Phase 3: Management of active data
The focus in this phase is to manage active data which involves developing services to facilitate data management during the active stage of research. When the survey was conducted, it was established that 75% (six of the eight respondents) used personal computers and laptops; USB drives, external hard drives, CDs and DVDs to store their research data. Two of the participants were using cloud storage such as Dropbox, Google drive and OneDrive to store their research data. None of the respondents indicated the use of managed data repositories or central storage of research data. This phase therefore, includes ensuring that sufficient data storage capacity that will enable researchers to store, access, and share their research data during collaboration.

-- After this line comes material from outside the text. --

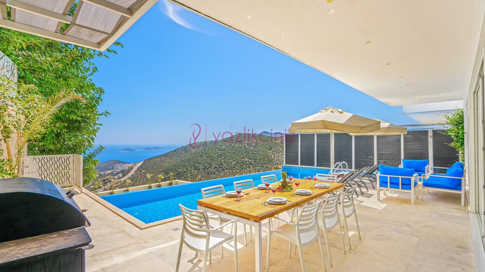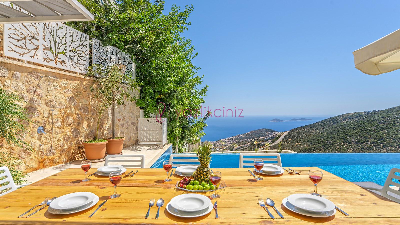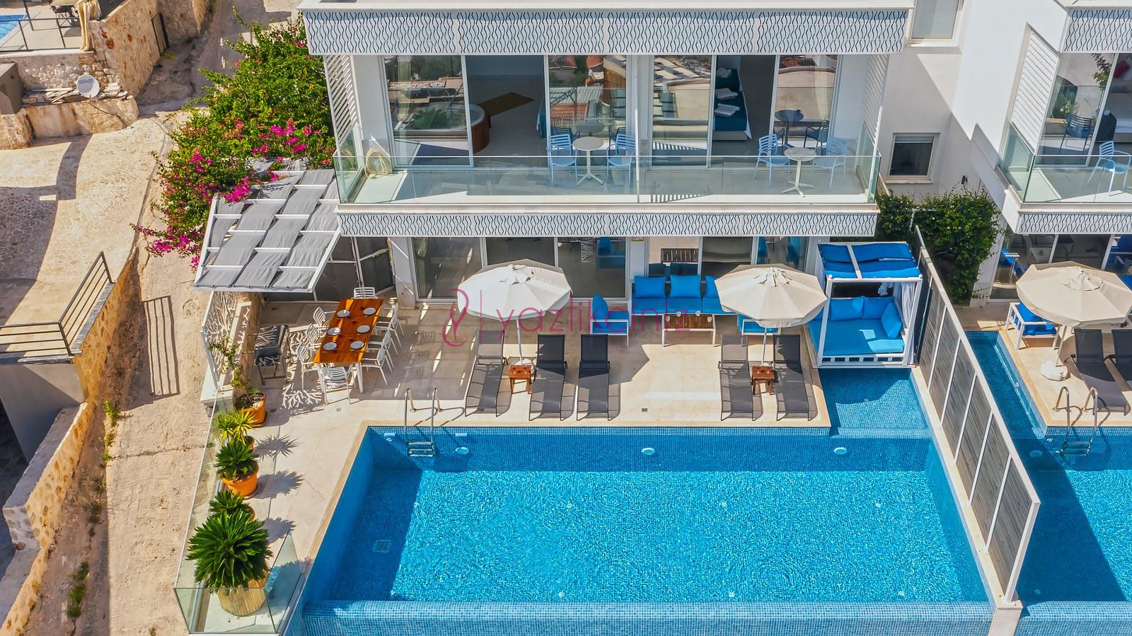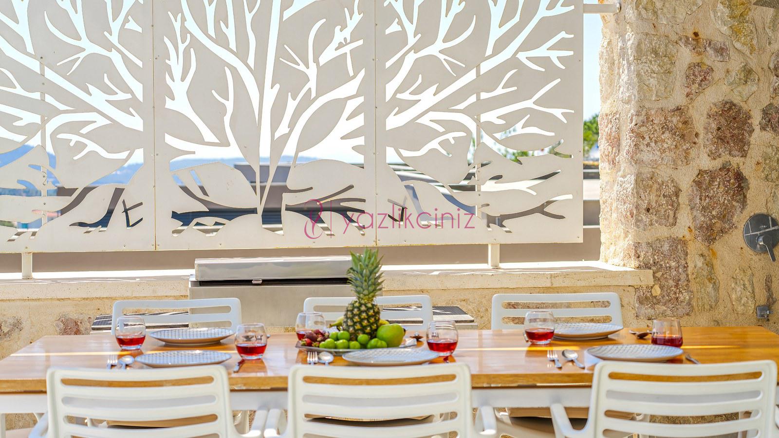 Havuz terası ve havuzu %80 korunaklı olup, özel alanda arkadaş grubunuz ve aileniz ile rahat edebileceğiniz bir villadır.

It does also require that researchers are made aware of storage facilities in the cloud that are more reliable.
The library is expecting to participate but not to lead activities linked to this phase. It is anticipated that change management activities would need to be planned and that this phase would have to be well underway before the last phase could be implemented.
Phase 4: Data selection and preservation
The phase addresses issues related to identifying those datasets that are irreplaceable, data with high value. The development of data selection criteria is core to this phase because it will not be possible to retain all data. Similarly deposit agreement(s), deposit tools, and the development of guidance documentation also need attention.

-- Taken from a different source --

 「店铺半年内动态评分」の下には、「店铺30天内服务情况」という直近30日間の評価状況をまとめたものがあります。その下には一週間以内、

This phase requires leadership and project management from the library but it is anticipated that the phase will not be initiated before phases one and two are well understood and the required outputs are in place. On the other hand, the library could expect participation from other stakeholders but these activities could be regarded as the library’s responsibility. If the library still has, by then, not developed the necessary skills to do so, knowledgeable experts would have to be contracted in to ensure that all valuable datasets are curated for the longer term.
5.2. Sustainability of RDM services at the university
An RDM implementation project is only as good as the associated sustainability plan. To most institutions, also the University of Dodoma, RDM represents a completely new programme of work that will bring about both organisational and behavioural changes. Creating and accepting a long-term strategy for RDM would surface the resources needed so that sustainability could be ensured by the institution.
Sustainability is seen as part of the initial stage (phase 1) of the RDM implementation project While RDM was accepted as a necessity the actual costs and expenditures still have to be determined. Clearly stating RDM long-term goals, while keeping in mind the institutions’ mission and considering these in the context of the cost implications will provide an opportunity for university management to show commitment towards securing the resources for the sustainability of the services. University management is currently considering the financial implications.
In the absence of a sustainability plan the library still has a responsibility to develop the skills of the library staff and to support researchers with relevant services. As part of the sustainability of the second phase, described above, it is essential that the library remains actively involved by identifying alternative, often free, services and resources that are available to individual researchers.
Not having an RDM policy in place at the institution is no excuse for any library to not develop RDM skills nor not to provide RDM services. By considering the RDM implementation phases described in section 5.1, RDM components and services, identified from the literature as good practice, could be developed and systematically implemented by the University of Dodoma library. In doing so it will raise awareness within the institution and in the longer term it will ensure that the university’s research data is made accessible to the international community.